His scholarly distinction was well illustrated by the posts he held in Cambridge, Yale, Sussex and the Australian National University. He founded the Centre for the Study of World Environmental History at Sussex in 2002 and almost immediately organised a landmark (and well-attended) conference on ‘Environmental History and Forestry of the British Empire and Commonwealth’ in 2003. In 2011, Vinita Damodaran, Deepak Kumar and Rohan D’Souza published a festschrift in his honour with the very appropriate title The British Empire and the Natural World: Environmental Encounters in South Asia.
His reputation in India was well represented by the obituary in the Indian Express on 1 July 2020, in which the distinguished environmental historian Mahesh Rangarajan described Richard as ‘A pioneer in global environmental history [who] made a major contribution to studying the roots of new environmental concern and linking it to the colonial era and to early scientific debates’.
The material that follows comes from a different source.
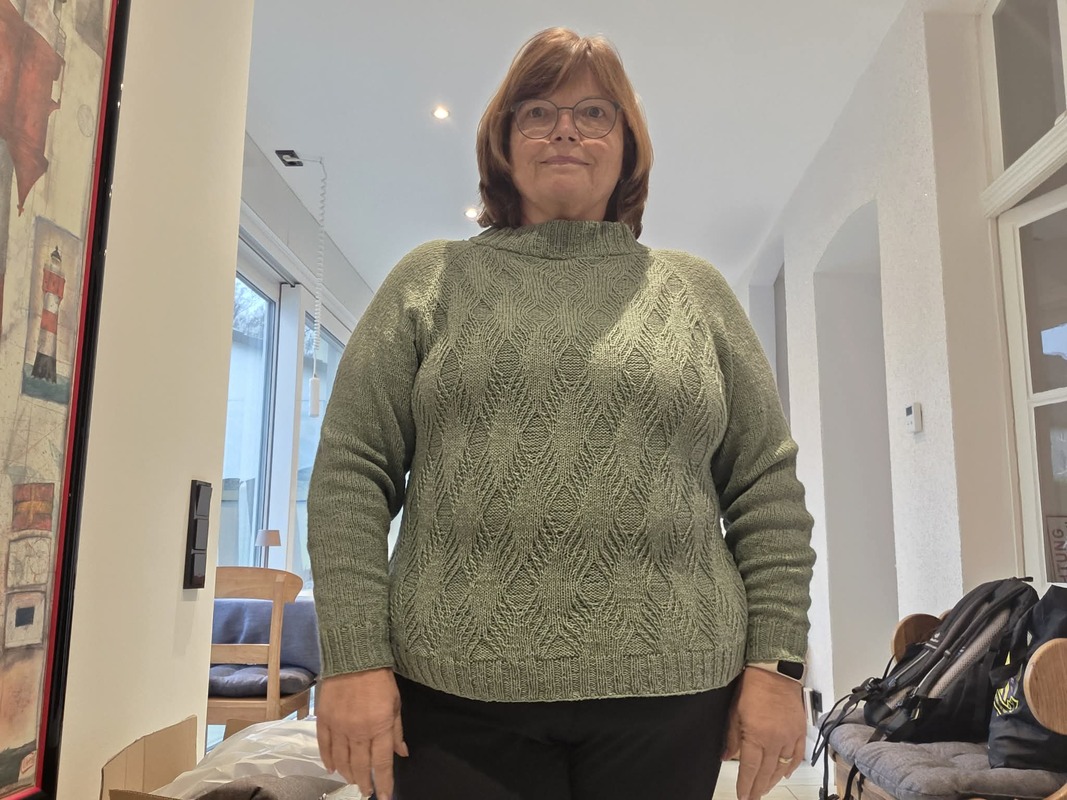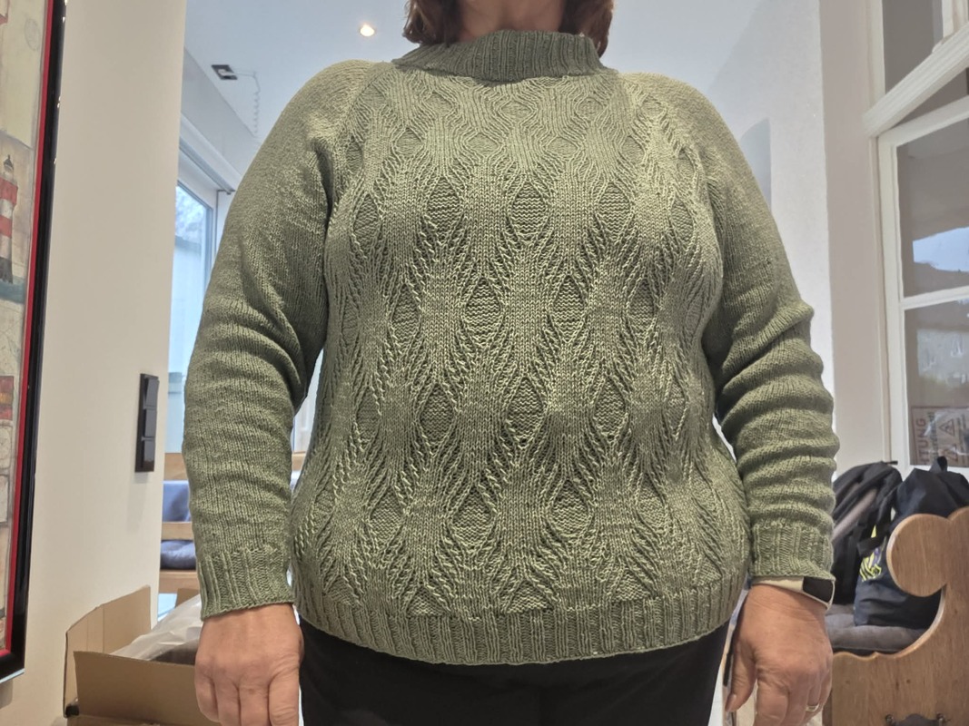 Das heisst, der Pullover wird in Runden von oben nach unten gestrickt und es entstehen keine Nähte vom lästigen Zusammen-Nähen. Außerdem kann durch diese Strickform sehr gut die individuelle Weite und Länge reguliert werden, auch die Arme können den individuellen Bedürfnissen angepasst werden. Die Raglan-Linien unterteilen das Strickwerk in Vorder- und Rückenteil und beide Arme, so das schon beim stricken sehr schnell die Fortschritte sichtbar werden.

But what of Richard the man? His enthusiasm was boundless, as was his eagerness to develop new fields and connect with as many other scholars as possible. Ideas and projects erupted from him in a spectacular form, but the lava flows were, like those in nature, rather unpredictable, even chaotic. It must be said that Green Imperialism would have benefited from some careful copyediting, even if its flaws do not detract from its major importance. It is somehow symptomatic that one of Richard’s own favourite stories was the manner in which he smuggled his thesis, twice as long as it should have been, past his Cambridge examiners. This reflects the manner in which he was a law unto himself; like many figures whose personalities border on genius, he was impatient with the niceties of rules and editorial detail. Much more of an inspirer and a fountain of ideas (to change the metaphor), he was not a natural editor. His period with Environment and History became a difficult one for the publisher and I was drafted in to try to pull things together. Yet it was typical that he had the original idea and displayed his real talent as founder, originator, and inspirer. Honesty and balance simply serve to reflect what an outstanding scholar he was.
The work he might have produced after 2006 will remain a great gap in the environmental literature, but what he left marks a tremendous corpus and a great turning point.